### PROBLEM DESCRIPTION
In the material below, find the line with "ວັນທີ 26 ສິງຫາ" and the line with "Lilo & Stitch", then output those two lines and every line between them, exactly.
--------------------
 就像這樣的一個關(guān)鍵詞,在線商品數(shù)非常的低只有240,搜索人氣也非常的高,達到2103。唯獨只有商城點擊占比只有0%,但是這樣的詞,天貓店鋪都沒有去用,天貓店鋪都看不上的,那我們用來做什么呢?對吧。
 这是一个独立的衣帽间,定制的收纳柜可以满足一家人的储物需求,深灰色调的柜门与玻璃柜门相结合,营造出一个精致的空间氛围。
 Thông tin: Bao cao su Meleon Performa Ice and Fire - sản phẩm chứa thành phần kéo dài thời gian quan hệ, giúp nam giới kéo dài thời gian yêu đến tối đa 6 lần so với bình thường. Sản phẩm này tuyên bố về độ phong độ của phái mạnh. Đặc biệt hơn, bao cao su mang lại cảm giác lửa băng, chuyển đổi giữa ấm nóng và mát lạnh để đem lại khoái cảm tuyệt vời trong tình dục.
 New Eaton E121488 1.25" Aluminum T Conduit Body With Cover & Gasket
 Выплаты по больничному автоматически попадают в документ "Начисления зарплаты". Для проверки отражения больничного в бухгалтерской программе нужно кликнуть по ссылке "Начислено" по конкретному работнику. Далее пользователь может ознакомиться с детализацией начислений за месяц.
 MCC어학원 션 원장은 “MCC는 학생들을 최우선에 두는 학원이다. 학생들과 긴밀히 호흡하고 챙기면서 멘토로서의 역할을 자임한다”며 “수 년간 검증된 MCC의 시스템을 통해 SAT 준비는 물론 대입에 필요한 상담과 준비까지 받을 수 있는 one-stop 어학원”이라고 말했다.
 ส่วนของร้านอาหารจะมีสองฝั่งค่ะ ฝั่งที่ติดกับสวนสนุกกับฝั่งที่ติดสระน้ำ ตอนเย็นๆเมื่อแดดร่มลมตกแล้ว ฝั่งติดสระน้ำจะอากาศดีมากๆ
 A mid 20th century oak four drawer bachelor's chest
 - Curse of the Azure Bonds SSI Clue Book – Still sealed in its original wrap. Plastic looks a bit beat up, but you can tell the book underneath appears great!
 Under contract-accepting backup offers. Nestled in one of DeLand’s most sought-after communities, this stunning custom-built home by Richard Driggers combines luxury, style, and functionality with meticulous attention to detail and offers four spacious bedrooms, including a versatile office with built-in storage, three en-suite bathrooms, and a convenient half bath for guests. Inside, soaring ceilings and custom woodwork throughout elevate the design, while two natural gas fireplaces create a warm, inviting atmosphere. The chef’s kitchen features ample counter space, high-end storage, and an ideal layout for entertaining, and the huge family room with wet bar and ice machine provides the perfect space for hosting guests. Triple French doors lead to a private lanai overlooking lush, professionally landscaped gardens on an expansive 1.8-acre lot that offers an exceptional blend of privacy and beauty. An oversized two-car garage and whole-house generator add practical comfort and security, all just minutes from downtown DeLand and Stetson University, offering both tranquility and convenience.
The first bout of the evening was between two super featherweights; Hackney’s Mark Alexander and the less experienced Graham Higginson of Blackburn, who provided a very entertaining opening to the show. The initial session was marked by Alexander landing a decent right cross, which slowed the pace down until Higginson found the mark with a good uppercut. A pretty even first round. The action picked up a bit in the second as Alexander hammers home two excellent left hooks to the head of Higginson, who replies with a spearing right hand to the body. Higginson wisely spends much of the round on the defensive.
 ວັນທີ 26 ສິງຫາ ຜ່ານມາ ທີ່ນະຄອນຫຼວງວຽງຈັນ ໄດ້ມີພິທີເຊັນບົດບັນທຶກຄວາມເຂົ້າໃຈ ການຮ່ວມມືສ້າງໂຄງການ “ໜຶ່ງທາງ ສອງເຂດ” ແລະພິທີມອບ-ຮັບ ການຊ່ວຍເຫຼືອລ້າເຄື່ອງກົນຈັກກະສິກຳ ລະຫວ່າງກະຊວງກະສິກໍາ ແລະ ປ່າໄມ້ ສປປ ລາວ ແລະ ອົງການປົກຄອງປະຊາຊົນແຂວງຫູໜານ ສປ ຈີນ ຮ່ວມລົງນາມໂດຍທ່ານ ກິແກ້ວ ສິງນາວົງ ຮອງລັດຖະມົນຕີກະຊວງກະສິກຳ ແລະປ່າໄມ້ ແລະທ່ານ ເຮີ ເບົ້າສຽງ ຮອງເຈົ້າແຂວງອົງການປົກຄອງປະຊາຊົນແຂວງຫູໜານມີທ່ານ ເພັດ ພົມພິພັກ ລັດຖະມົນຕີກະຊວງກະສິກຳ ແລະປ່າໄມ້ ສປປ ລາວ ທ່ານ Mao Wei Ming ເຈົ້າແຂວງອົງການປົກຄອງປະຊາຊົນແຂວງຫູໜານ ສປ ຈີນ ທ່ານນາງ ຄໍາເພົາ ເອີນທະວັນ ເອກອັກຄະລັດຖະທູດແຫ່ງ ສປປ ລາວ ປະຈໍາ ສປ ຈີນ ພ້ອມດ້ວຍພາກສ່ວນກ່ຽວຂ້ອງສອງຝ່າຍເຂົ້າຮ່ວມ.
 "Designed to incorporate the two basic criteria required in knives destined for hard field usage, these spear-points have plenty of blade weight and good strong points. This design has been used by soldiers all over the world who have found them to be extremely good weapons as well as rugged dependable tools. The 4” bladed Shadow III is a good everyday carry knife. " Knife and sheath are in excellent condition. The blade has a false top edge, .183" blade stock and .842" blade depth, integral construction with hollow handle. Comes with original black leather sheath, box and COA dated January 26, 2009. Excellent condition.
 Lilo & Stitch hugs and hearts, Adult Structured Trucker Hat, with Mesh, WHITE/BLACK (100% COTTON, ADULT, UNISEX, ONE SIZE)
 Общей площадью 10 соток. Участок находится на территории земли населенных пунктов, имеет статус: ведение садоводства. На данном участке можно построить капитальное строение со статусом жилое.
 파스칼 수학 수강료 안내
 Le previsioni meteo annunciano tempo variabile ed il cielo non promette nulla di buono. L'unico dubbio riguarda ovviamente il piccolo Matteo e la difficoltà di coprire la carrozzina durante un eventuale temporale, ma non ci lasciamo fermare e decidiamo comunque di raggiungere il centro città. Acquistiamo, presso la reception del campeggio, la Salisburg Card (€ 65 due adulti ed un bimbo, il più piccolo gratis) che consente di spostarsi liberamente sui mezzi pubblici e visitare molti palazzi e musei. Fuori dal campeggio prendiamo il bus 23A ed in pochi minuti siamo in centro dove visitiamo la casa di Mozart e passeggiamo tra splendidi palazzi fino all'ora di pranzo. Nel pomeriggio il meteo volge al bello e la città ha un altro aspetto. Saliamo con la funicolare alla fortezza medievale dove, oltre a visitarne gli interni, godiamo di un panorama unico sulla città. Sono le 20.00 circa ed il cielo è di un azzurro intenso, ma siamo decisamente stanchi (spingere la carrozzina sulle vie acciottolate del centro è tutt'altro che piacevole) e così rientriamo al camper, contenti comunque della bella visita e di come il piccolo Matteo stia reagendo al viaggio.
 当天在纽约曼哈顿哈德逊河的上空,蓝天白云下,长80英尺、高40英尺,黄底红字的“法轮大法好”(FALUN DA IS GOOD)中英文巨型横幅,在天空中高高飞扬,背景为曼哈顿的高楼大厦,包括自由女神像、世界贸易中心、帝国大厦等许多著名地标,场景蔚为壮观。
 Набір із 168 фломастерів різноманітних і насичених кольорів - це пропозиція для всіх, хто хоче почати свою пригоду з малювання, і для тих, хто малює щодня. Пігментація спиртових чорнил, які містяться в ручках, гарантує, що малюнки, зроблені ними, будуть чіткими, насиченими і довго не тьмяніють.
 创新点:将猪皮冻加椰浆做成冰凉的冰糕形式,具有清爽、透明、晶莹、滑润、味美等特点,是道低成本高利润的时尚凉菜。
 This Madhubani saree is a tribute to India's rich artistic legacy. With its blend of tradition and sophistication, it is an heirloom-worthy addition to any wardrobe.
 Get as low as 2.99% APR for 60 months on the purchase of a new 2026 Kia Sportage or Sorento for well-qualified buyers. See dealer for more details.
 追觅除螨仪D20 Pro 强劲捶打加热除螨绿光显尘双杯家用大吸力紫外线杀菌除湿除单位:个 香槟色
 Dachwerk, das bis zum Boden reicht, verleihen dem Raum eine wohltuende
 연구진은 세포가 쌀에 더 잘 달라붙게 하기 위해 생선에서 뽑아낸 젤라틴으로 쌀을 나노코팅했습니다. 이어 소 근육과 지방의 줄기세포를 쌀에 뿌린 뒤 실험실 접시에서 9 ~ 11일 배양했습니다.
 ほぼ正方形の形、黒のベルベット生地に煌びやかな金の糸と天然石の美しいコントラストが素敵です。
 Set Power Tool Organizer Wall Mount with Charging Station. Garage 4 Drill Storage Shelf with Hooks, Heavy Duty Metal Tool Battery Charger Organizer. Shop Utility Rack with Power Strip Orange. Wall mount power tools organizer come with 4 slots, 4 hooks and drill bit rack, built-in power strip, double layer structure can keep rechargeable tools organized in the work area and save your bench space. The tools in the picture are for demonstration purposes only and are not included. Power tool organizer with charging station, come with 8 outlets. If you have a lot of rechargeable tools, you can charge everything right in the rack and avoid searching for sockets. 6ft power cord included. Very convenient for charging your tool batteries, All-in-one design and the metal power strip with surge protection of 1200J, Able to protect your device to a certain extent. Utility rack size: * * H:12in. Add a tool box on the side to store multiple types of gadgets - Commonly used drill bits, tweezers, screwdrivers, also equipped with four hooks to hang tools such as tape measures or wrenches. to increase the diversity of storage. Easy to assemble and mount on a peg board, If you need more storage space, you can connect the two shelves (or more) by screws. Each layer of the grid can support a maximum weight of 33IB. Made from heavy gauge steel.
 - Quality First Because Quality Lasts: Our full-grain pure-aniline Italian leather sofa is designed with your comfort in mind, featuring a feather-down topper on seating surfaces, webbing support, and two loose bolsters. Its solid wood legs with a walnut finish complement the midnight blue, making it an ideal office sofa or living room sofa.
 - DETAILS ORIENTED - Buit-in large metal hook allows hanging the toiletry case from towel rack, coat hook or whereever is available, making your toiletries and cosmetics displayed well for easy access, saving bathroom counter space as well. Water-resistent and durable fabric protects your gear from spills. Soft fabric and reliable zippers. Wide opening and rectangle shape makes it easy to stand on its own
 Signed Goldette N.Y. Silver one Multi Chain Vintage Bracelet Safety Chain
--------------------
### RESULT
 ວັນທີ 26 ສິງຫາ ຜ່ານມາ ທີ່ນະຄອນຫຼວງວຽງຈັນ ໄດ້ມີພິທີເຊັນບົດບັນທຶກຄວາມເຂົ້າໃຈ ການຮ່ວມມືສ້າງໂຄງການ “ໜຶ່ງທາງ ສອງເຂດ” ແລະພິທີມອບ-ຮັບ ການຊ່ວຍເຫຼືອລ້າເຄື່ອງກົນຈັກກະສິກຳ ລະຫວ່າງກະຊວງກະສິກໍາ ແລະ ປ່າໄມ້ ສປປ ລາວ ແລະ ອົງການປົກຄອງປະຊາຊົນແຂວງຫູໜານ ສປ ຈີນ ຮ່ວມລົງນາມໂດຍທ່ານ ກິແກ້ວ ສິງນາວົງ ຮອງລັດຖະມົນຕີກະຊວງກະສິກຳ ແລະປ່າໄມ້ ແລະທ່ານ ເຮີ ເບົ້າສຽງ ຮອງເຈົ້າແຂວງອົງການປົກຄອງປະຊາຊົນແຂວງຫູໜານມີທ່ານ ເພັດ ພົມພິພັກ ລັດຖະມົນຕີກະຊວງກະສິກຳ ແລະປ່າໄມ້ ສປປ ລາວ ທ່ານ Mao Wei Ming ເຈົ້າແຂວງອົງການປົກຄອງປະຊາຊົນແຂວງຫູໜານ ສປ ຈີນ ທ່ານນາງ ຄໍາເພົາ ເອີນທະວັນ ເອກອັກຄະລັດຖະທູດແຫ່ງ ສປປ ລາວ ປະຈໍາ ສປ ຈີນ ພ້ອມດ້ວຍພາກສ່ວນກ່ຽວຂ້ອງສອງຝ່າຍເຂົ້າຮ່ວມ.
 "Designed to incorporate the two basic criteria required in knives destined for hard field usage, these spear-points have plenty of blade weight and good strong points. This design has been used by soldiers all over the world who have found them to be extremely good weapons as well as rugged dependable tools. The 4” bladed Shadow III is a good everyday carry knife. " Knife and sheath are in excellent condition. The blade has a false top edge, .183" blade stock and .842" blade depth, integral construction with hollow handle. Comes with original black leather sheath, box and COA dated January 26, 2009. Excellent condition.
 Lilo & Stitch hugs and hearts, Adult Structured Trucker Hat, with Mesh, WHITE/BLACK (100% COTTON, ADULT, UNISEX, ONE SIZE)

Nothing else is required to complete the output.